> Records to process:
============

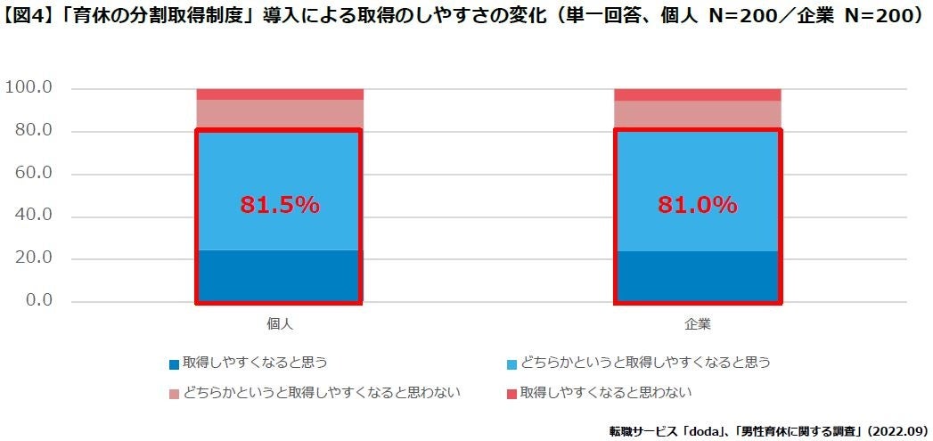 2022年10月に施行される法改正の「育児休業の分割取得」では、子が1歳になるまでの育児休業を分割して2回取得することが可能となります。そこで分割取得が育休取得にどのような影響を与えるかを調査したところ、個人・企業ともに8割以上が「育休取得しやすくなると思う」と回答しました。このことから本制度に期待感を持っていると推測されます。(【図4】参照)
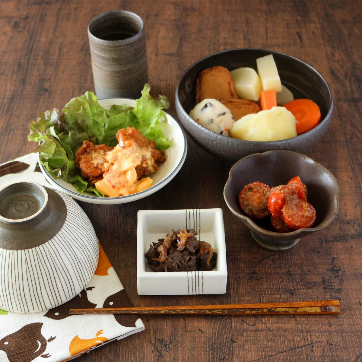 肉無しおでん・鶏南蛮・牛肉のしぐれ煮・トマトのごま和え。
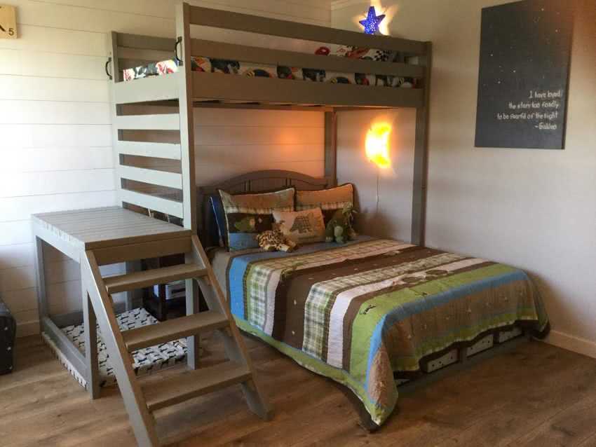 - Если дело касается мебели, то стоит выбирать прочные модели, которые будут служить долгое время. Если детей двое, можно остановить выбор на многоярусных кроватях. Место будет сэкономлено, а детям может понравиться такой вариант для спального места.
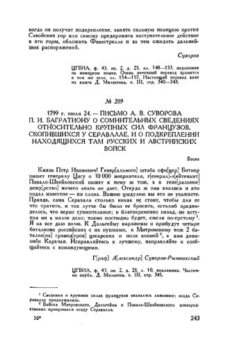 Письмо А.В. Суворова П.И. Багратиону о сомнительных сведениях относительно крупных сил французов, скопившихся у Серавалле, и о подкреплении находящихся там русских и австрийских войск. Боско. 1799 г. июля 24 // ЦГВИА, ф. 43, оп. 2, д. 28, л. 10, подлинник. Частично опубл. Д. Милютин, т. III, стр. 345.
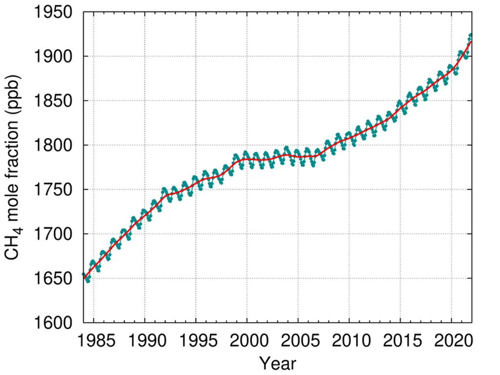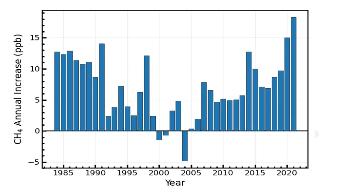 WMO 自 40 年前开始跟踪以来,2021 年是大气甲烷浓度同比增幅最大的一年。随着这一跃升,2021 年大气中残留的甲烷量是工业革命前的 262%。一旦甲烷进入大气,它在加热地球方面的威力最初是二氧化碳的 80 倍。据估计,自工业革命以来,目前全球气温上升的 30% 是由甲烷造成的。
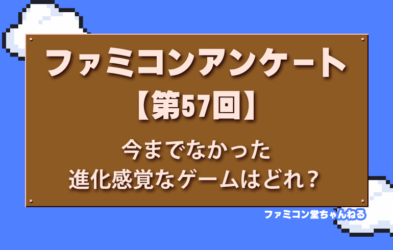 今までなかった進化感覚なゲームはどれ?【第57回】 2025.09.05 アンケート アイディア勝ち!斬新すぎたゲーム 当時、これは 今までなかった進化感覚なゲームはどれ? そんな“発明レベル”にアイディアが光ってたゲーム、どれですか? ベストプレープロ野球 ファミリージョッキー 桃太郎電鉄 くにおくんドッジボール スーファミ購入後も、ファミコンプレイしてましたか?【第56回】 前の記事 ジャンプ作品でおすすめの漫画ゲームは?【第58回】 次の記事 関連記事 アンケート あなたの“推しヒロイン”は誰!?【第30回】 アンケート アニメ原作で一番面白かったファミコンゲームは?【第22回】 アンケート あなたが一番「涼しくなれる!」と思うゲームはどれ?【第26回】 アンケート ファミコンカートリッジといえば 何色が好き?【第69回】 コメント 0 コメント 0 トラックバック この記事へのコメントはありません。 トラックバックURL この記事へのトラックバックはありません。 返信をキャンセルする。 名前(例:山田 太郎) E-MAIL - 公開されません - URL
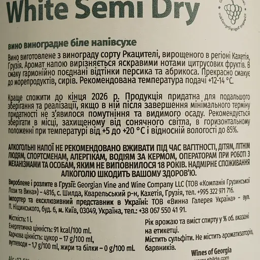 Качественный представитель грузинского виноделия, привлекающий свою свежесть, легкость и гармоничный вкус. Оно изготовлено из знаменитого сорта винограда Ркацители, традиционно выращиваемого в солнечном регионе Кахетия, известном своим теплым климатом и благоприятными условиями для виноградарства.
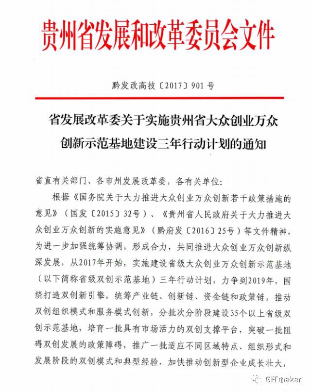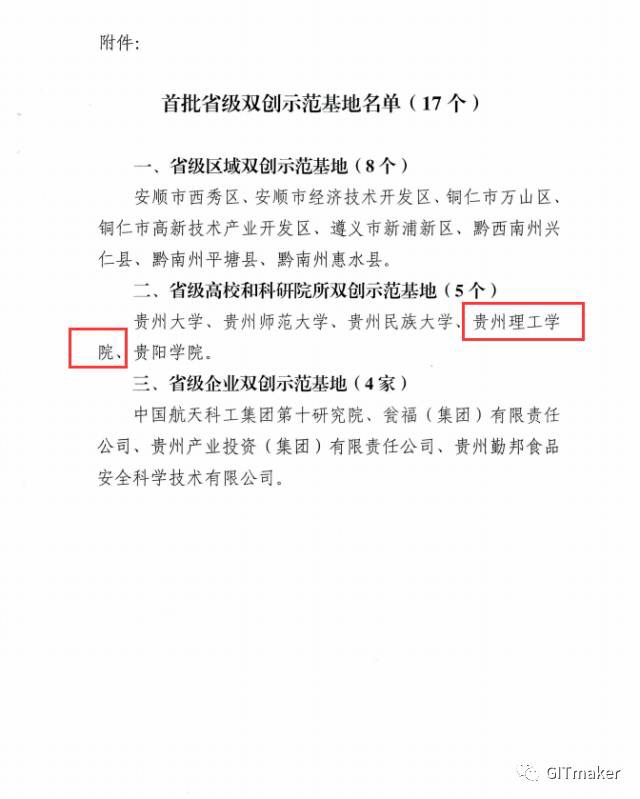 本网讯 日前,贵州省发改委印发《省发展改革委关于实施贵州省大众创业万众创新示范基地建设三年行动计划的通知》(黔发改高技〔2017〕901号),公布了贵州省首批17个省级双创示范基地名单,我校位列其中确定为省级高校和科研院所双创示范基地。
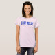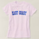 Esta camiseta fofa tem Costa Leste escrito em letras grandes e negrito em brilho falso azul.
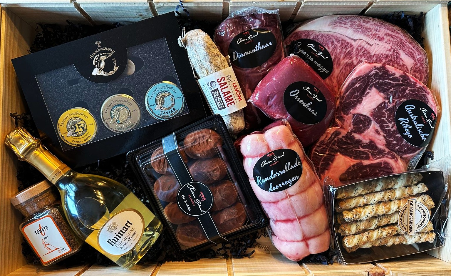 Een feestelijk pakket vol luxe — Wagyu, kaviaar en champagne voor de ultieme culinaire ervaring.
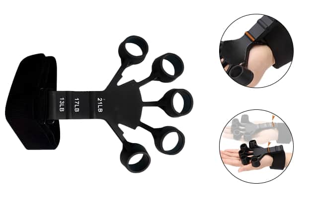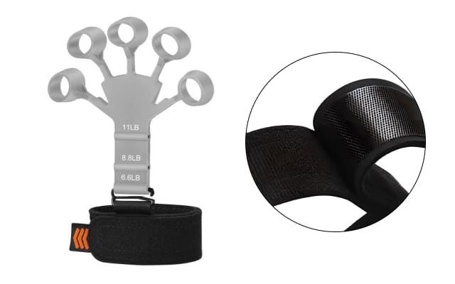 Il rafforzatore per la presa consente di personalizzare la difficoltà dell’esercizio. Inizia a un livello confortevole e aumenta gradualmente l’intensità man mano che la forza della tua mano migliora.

============

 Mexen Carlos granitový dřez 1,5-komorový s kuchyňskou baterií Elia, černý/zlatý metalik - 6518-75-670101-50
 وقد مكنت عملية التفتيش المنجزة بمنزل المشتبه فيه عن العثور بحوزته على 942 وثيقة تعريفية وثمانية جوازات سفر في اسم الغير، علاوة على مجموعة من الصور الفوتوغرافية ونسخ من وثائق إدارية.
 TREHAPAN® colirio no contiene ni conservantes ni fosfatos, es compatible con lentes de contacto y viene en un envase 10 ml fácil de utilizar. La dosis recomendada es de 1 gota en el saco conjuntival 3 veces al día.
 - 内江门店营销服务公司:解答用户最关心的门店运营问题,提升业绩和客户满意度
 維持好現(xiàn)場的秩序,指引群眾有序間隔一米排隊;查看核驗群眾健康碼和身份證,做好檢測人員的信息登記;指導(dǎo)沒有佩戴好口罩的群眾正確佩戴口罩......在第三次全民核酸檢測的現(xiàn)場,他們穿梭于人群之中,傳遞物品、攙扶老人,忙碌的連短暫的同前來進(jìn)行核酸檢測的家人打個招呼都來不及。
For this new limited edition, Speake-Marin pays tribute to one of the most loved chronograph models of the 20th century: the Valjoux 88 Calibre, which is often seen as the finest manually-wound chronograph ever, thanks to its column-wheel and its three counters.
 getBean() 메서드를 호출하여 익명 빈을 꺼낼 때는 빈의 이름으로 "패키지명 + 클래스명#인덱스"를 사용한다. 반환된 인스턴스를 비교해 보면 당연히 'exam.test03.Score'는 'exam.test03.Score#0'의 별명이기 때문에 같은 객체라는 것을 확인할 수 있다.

============

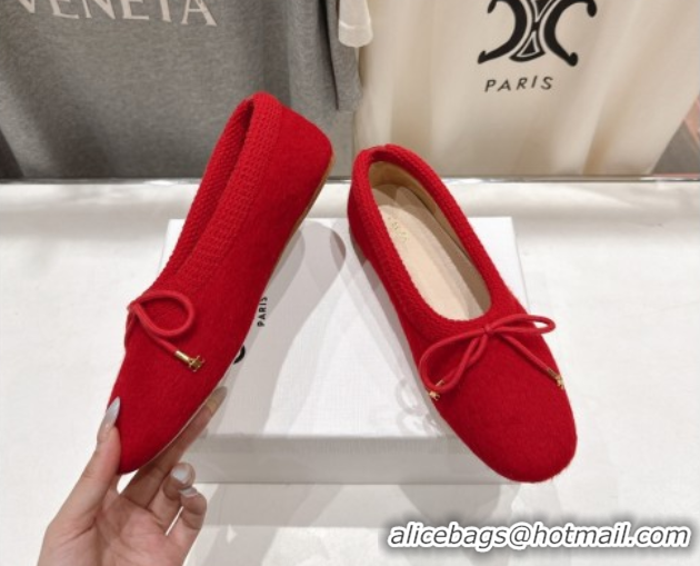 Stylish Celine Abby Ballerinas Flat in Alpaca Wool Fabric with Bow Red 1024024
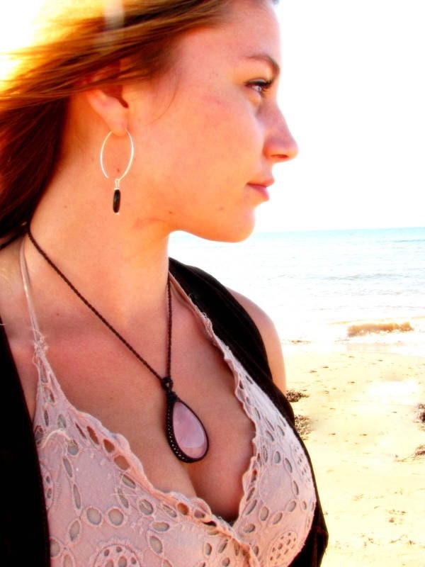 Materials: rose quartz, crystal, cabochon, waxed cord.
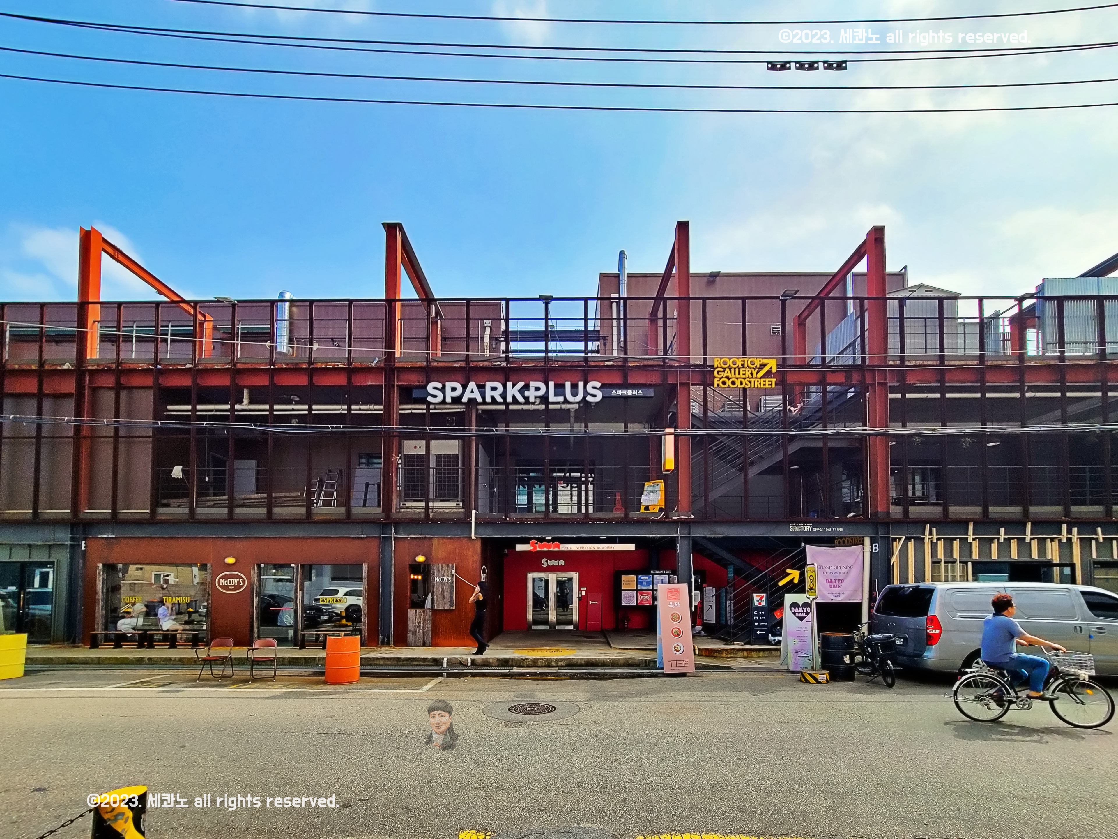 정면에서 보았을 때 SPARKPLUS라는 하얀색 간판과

============

> Task details:
Of the entries listed above, reproduce only the lines starting at the line containing "Mexen Carlos granitový" and ending at the line containing "- 内江门店营销服务公司:解答用户最关心的门店运营问题,提升业绩和客户满意度". Include both, exactly as they stand.

> Response:
 Mexen Carlos granitový dřez 1,5-komorový s kuchyňskou baterií Elia, černý/zlatý metalik - 6518-75-670101-50
 وقد مكنت عملية التفتيش المنجزة بمنزل المشتبه فيه عن العثور بحوزته على 942 وثيقة تعريفية وثمانية جوازات سفر في اسم الغير، علاوة على مجموعة من الصور الفوتوغرافية ونسخ من وثائق إدارية.
 TREHAPAN® colirio no contiene ni conservantes ni fosfatos, es compatible con lentes de contacto y viene en un envase 10 ml fácil de utilizar. La dosis recomendada es de 1 gota en el saco conjuntival 3 veces al día.
 - 内江门店营销服务公司:解答用户最关心的门店运营问题,提升业绩和客户满意度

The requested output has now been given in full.